## WHAT YOU NEED TO DO:
Return all the lines below exactly. Any picture among them is omitted.

## DATA SECTION:
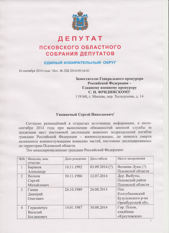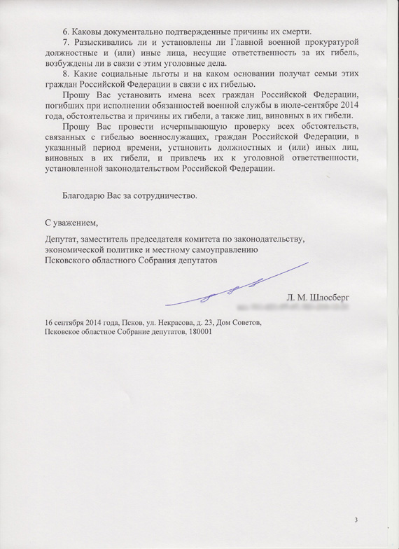 Лев Шлосберг просит Сергея Фридинского установить имена всех военнослужащих, погибших при исполнении своих обязанностей в июле-сентябре 2014 года. А также выяснить: где конкретно служили погибшие десантники? На основании чего покинули место постоянной дислокации? Где и при каких обстоятельствах они погибли? Каковы причины их смерти? Кто несет ответственность, в том числе – уголовную, за гибель бойцов? Получат ли какие-то социальные льготы и на каком основании семьи погибших?
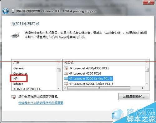8、左侧厂商选择HP,右侧打印机的型号选择HP Laserjet 5200 Series PCL5,选择下一步。如下图8
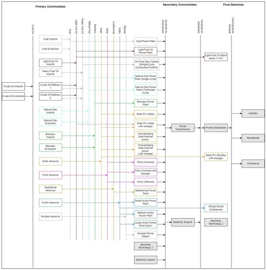 A fundamental element of an energy modelling framework is the reference energy system (RES), representing whole energy systems, including commodities and technologies, from primary energy resources to final energy demand (Figure 1). Ref. [] identified that an RES represents all existing and potential new technologies used in energy supply chains in a simplified graphical form. Additionally, the model incorporates the final energy requirements according to sector and exogenously supplied fuels.
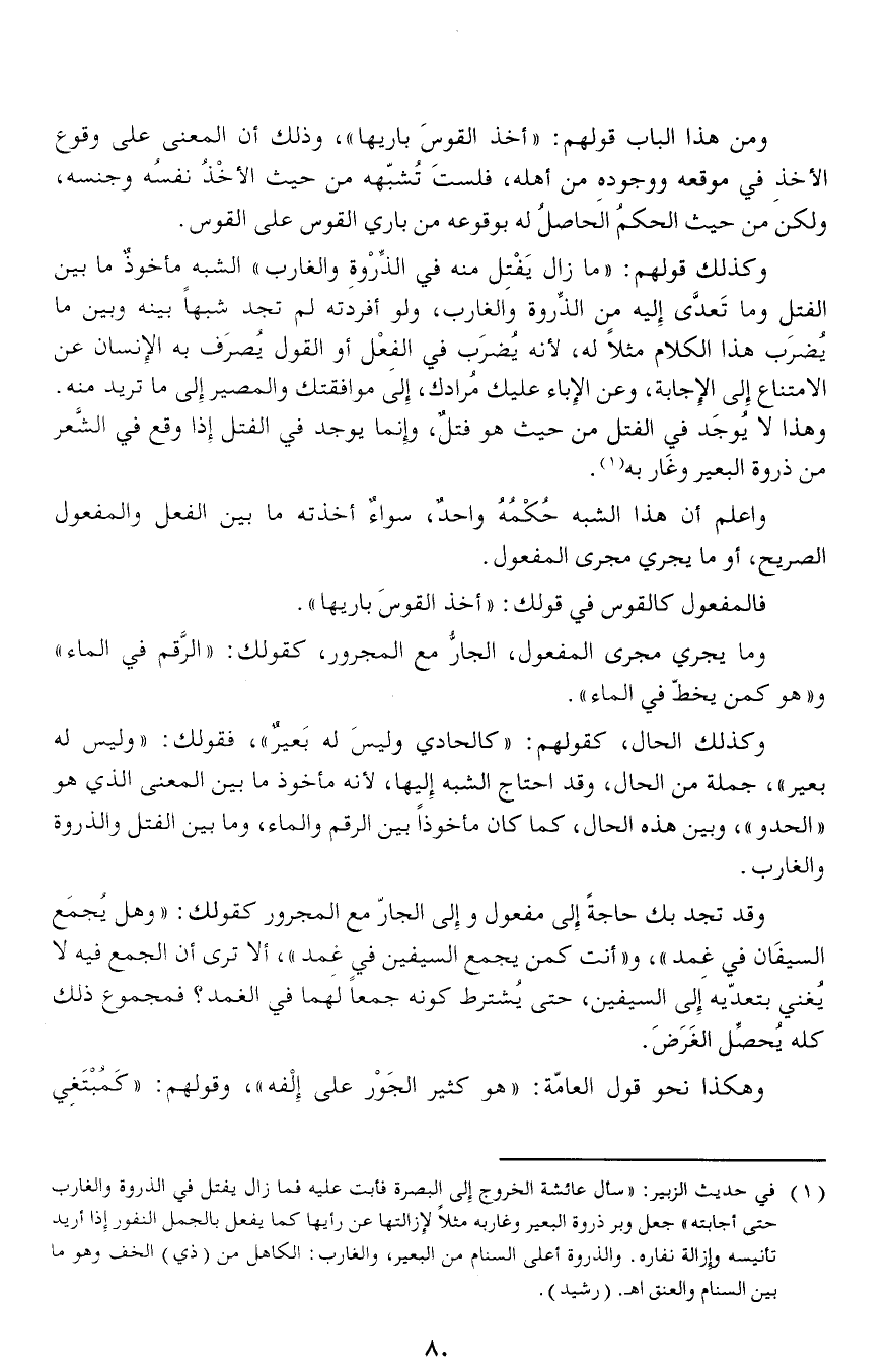 ومن هذا الباب قولهم: «أخذ القوس باريها»، وذلك أن المعنى على وقوع الأخذ في موقعه ووجوده من أهله، فلست تشبّهه من حيث الأخذ نفسه وجنسه، ولكن من حيث الحكم الحاصل له بوقوعه من باري القوس على القوس.

## TASK RESULT:
 Лев Шлосберг просит Сергея Фридинского установить имена всех военнослужащих, погибших при исполнении своих обязанностей в июле-сентябре 2014 года. А также выяснить: где конкретно служили погибшие десантники? На основании чего покинули место постоянной дислокации? Где и при каких обстоятельствах они погибли? Каковы причины их смерти? Кто несет ответственность, в том числе – уголовную, за гибель бойцов? Получат ли какие-то социальные льготы и на каком основании семьи погибших?
8、左侧厂商选择HP,右侧打印机的型号选择HP Laserjet 5200 Series PCL5,选择下一步。如下图8
 A fundamental element of an energy modelling framework is the reference energy system (RES), representing whole energy systems, including commodities and technologies, from primary energy resources to final energy demand (Figure 1). Ref. [] identified that an RES represents all existing and potential new technologies used in energy supply chains in a simplified graphical form. Additionally, the model incorporates the final energy requirements according to sector and exogenously supplied fuels.
 ومن هذا الباب قولهم: «أخذ القوس باريها»، وذلك أن المعنى على وقوع الأخذ في موقعه ووجوده من أهله، فلست تشبّهه من حيث الأخذ نفسه وجنسه، ولكن من حيث الحكم الحاصل له بوقوعه من باري القوس على القوس.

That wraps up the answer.